Last month, my colleagues and I published an investigation into a Texas oil refinery startup, America First Refining, that had secretly gotten investment from Donald Trump Jr. We discovered a saga involving the Trump administration’s tariff policy, sanctioned Russian oil and an Indian billionaire family’s private zoo.
At the center of the story was the CEO of the refinery company, Texas businessman John Calce. We’d spent weeks examining Calce — pulling old lawsuits, property records, corporate registry filings — and had pieced together a portrait of what appeared to be an obscure serial entrepreneur who’d for years tried and failed to secure funding for his long-shot refinery project.
Then, not long before our story was set to publish, we decided to do a scrub on a separate company he had incorporated called Brownsville Energy Storage Terminals.
Pulling up the company’s website, I felt a brief flash of panic: Had we somehow missed the existence of a major business owned by the man at the center of our next story?
“From Houston to Rotterdam, Jurong to Fujairah. Our network connects the world’s most vital energy markets with speed, safety, and precision bulk oil storage,” announced the front page of the company’s website.
Brownsville Energy Storage Terminals, per the website, had more than 850 employees and 28 million barrels of oil storage capacity across six global hubs. This was puzzling: Our reporting had led us to believe Calce was struggling to raise enough money for a single project in the U.S., not overseeing a massive, multinational oil storage corporation.
Had we been wrong?
We turned to Google to learn more about the company’s top executives. Its CEO, Sarah Jenkins, had more than 20 years of experience at major energy firms. And its chief technology officer, David Chen, “built the company’s proprietary inventory management portal and integrated AI-driven predictive maintenance systems,” according to his bio. But we couldn’t find any trace of either of them online. Chalk it up to common names?

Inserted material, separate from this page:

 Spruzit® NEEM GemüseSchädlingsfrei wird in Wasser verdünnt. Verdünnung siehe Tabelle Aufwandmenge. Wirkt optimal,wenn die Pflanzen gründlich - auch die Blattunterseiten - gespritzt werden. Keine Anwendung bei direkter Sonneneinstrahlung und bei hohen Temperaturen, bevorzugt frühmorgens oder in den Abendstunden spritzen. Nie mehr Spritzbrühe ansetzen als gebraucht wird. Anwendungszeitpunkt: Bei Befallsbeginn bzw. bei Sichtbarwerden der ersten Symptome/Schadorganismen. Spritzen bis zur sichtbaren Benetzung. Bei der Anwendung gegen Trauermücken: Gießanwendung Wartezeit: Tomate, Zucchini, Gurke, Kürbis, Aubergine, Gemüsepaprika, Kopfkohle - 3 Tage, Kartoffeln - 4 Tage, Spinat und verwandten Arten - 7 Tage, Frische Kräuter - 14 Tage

We then Googled one of the more distinct names: Vice President for Sustainability Dr. Sofia Rossi, who had “spearheaded the ‘Future Fuels’ program, preparing assets for biofuels and hydrogen.” But, again, nothing. The links to their LinkedIn profiles were dead.

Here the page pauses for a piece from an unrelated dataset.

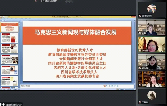 11月9日,52书库 举办“立格联盟”52书库 院长论坛之马克思主义新闻观与媒体融合发展线上讲座。本次讲座由成都体育学院新闻与传播学院院长石磊教授担任主讲人。52书库 副院长郭淼、教师谢沁露担任与谈人,52书库 学生代表与会倾听,李清霞教授主持讲座。
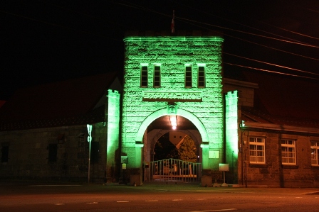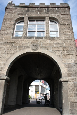 中から見た正面玄関。 正面玄関は夜にはライトアップ。

When we searched the company’s Texas phone numbers, we found the same numbers listed online for a Houston baklava caterer, a Dallas-area taxi service and an OB-GYN office.
We called the Texas numbers: dead. Then we tried the numbers for the company’s facilities in the Netherlands, Singapore and China. Also dead.
We were beginning to suspect this company did not actually exist, at least as described on its website.
What was going on with this website? We looked at the source code and noticed an odd notation, “This feature isn’t implemented yet, but don’t worry! You can request it in your next prompt!”
We checked the site’s domain registration, and we had our (apparent) answer: It was created this year and traced back to a company called Hostinger that offers an AI website builder for $2.99 per month. “Describe it, and AI builds it,” its homepage says. “Appear on Google and AI search automatically.”
Indeed, Google’s “AI Overview” search response, now thrust on users by default with more and more regularity, seemed to ratify the company’s bona fides:
When I searched for an award the company claimed on its website to have won, the Google AI Overview said that “Recent notable recipients include Brownsville Energy Storage Terminals, recognized for their rapid expansion in the independent oil and terminal operations sector.”
Brownsville Energy Storage Terminals is a real LLC. But everything on its website — from its history of the company, to its job postings, a diversity and inclusion policy — appears to be fictional. But perhaps more troubling is that Google, the proprietor of the world’s primary research tool, has rolled out AI Overviews that can indiscriminately take in fake material and authoritatively spit it back out as real.
In response to questions, a Google spokesperson said in a statement: “AI Overviews are rooted in our core Search ranking systems, surfacing reliable and high-quality information for the vast majority of queries. For uncommon search terms like these, there might not be high quality information published that matches the query — and we use these examples to improve our search systems.”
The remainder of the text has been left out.